Coastal Buildings and War Memorials Protected

Twenty seven maritime buildings and war memorials have been given protected status due to their special architectural or historical interest.

In total, 14 coastal buildings, including six lighthouses, and 13 war memorials have been added to the island’s protected buildings register (PBR).

The decision means they are all protected from demolition, or any alteration that affects their character without registered building consent.

As part of an ongoing assessment of the island’s built heritage, buildings have been identified under themes and the maritime buildings registered also include Milner’s Tower on Bradda Head, two lifeboat stations in the south of the Island, and a foghorn at the Point of Ayre.

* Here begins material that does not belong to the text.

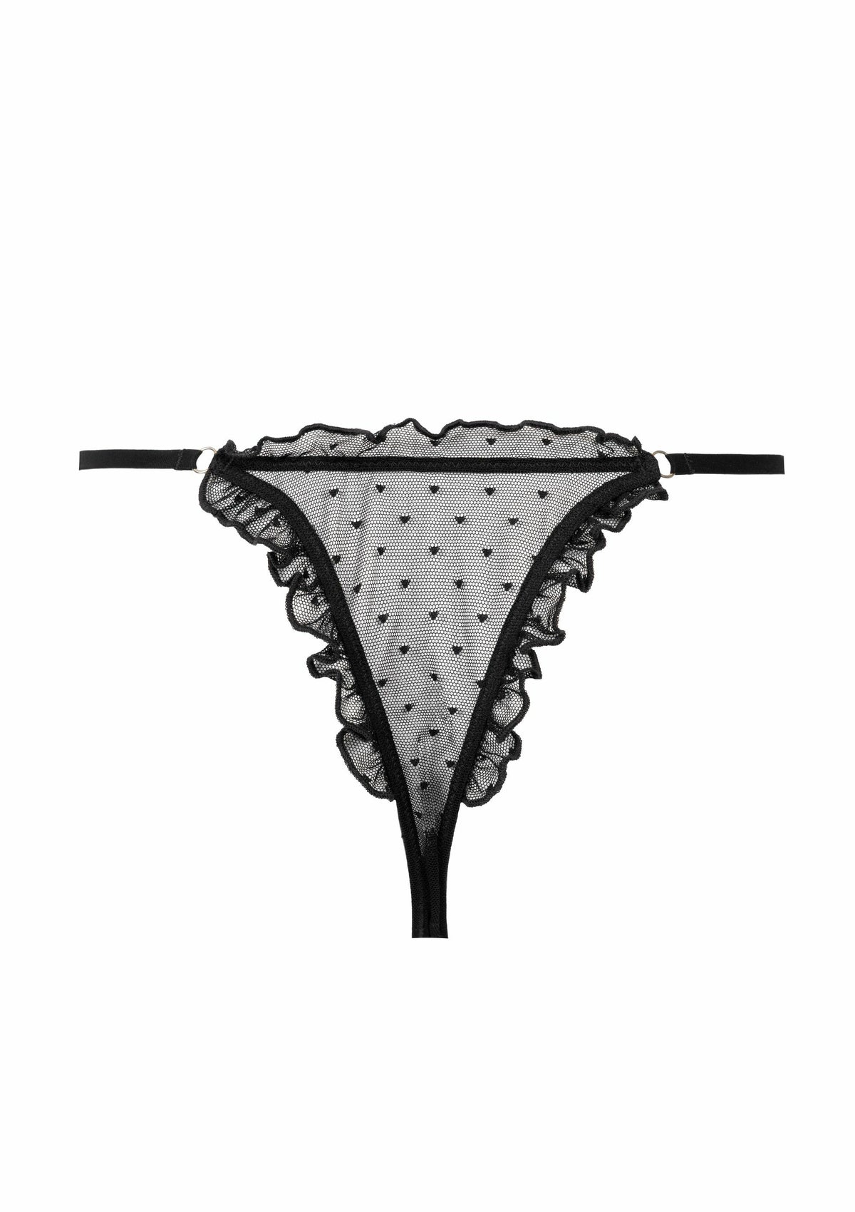 Het ontwerp is uitgevoerd in luchtig plumetis-tule dat zacht over de huid valt en een verfijnde transparantie biedt. De delicate ruches geven de string een speels, vrouwelijk accent en zorgen voor een onweerstaanbaar charmante uitstraling.

The island’s earliest war memorial, from the Crimean war, is among 13 across the Island to be protected. It commemorates Brig Gen Thomas Leigh Goldie, who fell at the Battle of Inkerman in 1854 and has been on display at The Nunnery in Douglas for 163 years.

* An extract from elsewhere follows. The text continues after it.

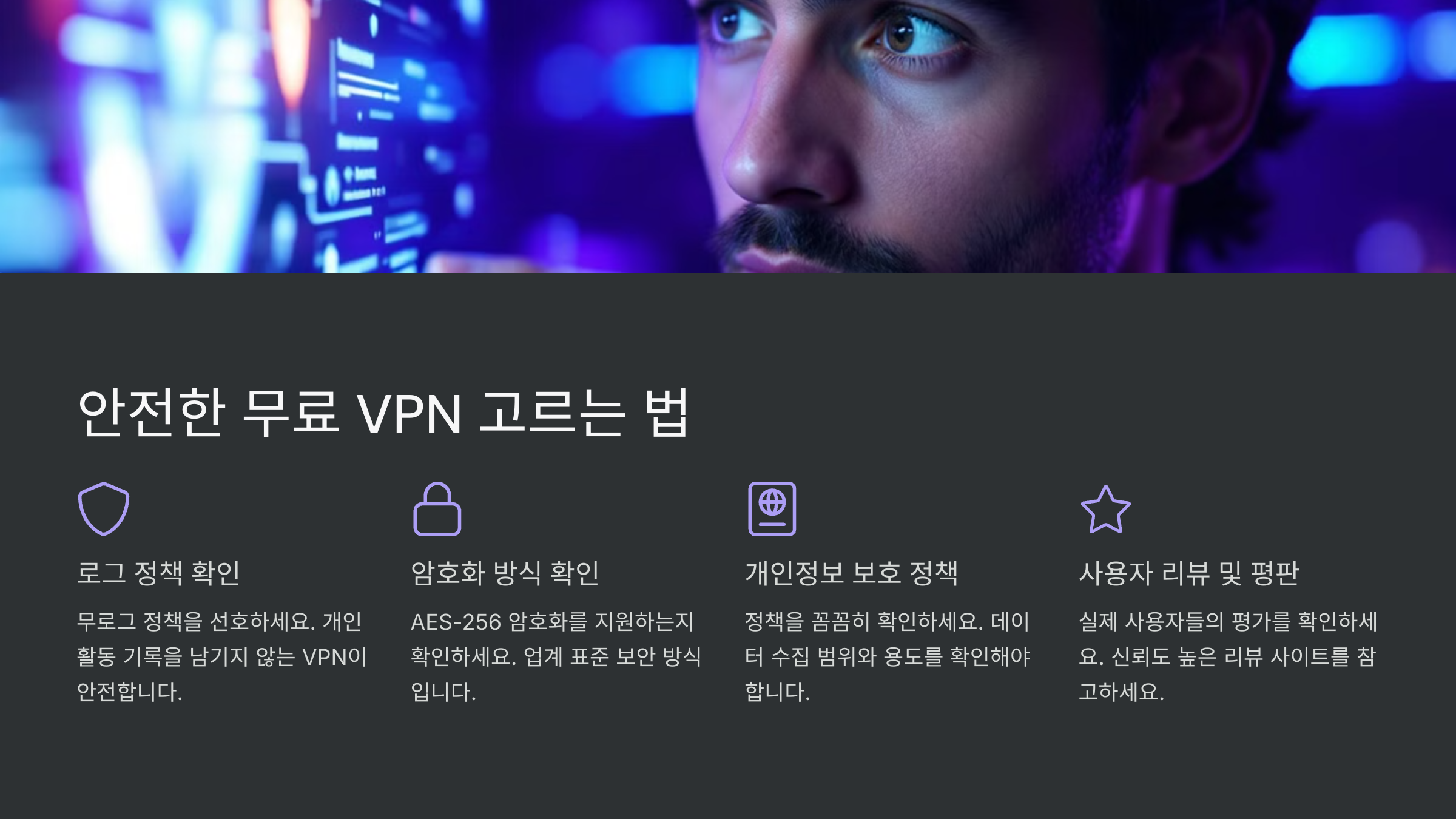 무료 VPN을 사용할 때 가장 중요한 것은 보안이에요. 아무리 무료라도 개인정보가 유출되거나, 해킹에 취약하면 큰 문제가 되겠죠? 😨 그래서 신뢰할 수 있는 VPN을 고르는 몇 가지 핵심 기준을 알려드릴게요!

Geoffrey Boot, Minister for Environment, Food and Agriculture, said: ‘These buildings and war memorials play an important role in our cultural identity and it is important to protect them for future generations. As an island nation we have a rich and proud maritime history and our war memorials provide people with a poignant reminder of the Manx lives lost in conflict – so I am delighted to add them to the PBR.’

It means there are now 302 buildings, ranging from thatched cottages to churches, on the protected buildings register.